For information on supporting Ansar, contact the Chatham Peace  Initiative at  http://www.chathampeace.org/

A 9/11 Lesson: Don't Photograph the Water

[Photo: Ozier Muhammad/The New York Times. Ansar Mahmood at a federal detention center. The idea that he was a terrorist was quickly dropped,  but he was charged with helping Pakastani friends whose visas had expired.]

By LISA W. FODERARO

New York Times, June 6, 2004

[Photo:Ozier Muhammad/The New York Times. The treatment plant where Mr. Mahmood took pictures. At the time, terrorism fears included the  possibility of poisoned drinking water.]

HUDSON, N.Y. - On a cloudless autumn day three years ago, Ansar  Mahmood, a pizza deliveryman for a Domino's near here, took a few hours off from  work to snap pictures of the Hudson River amid the foliage, to send home to  his family in Pakistan.

Mr. Mahmood had seen the view from a customer's house on Rossman  Avenue, but was told it was even better up the street. So up he went, to a bluff overlooking the river and the Catskill Mountains next to some official-looking buildings. He said he knocked on a door and asked an employee to take his picture. "He said, 'Of course, of course,' " Mr. Mahmood recalled.

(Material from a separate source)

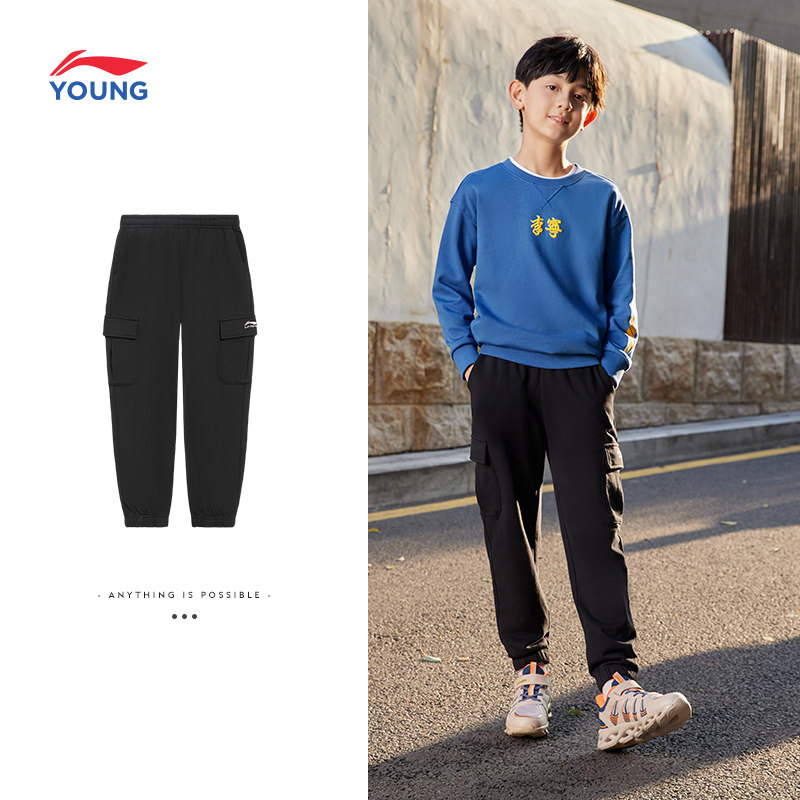 Li Ning Tong Clothing Pants Men's Little Big Boy Outdoor Series Pants Pants Officer Webbeam Footed Knitted Sports Trousers YKLS165

That moment marked the end of Mr. Mahmood's brief American dream, as he stumbled into a vortex of fear, politics and deportation proceedings.

The official-looking buildings turned out to be a water-treatment plant  for the city of Hudson. The crisp afternoon fell exactly four weeks after  Sept. 11, when the nation was panicked at the possibility of more terror  attacks, including poisoned drinking water. 

And Mr. Mahmood - who had hit the ultimate jackpot for a young  Pakistani when he won a green card through a lottery - was suddenly from the  wrong part of the world.

Any notion that Mr. Mahmood was tied to terrorism quickly evaporated  into the fluorescent ether of the Hudson police station. But he was soon  charged with helping Pakistani friends whose visas had expired, an offense that  led to his detention and pending deportation.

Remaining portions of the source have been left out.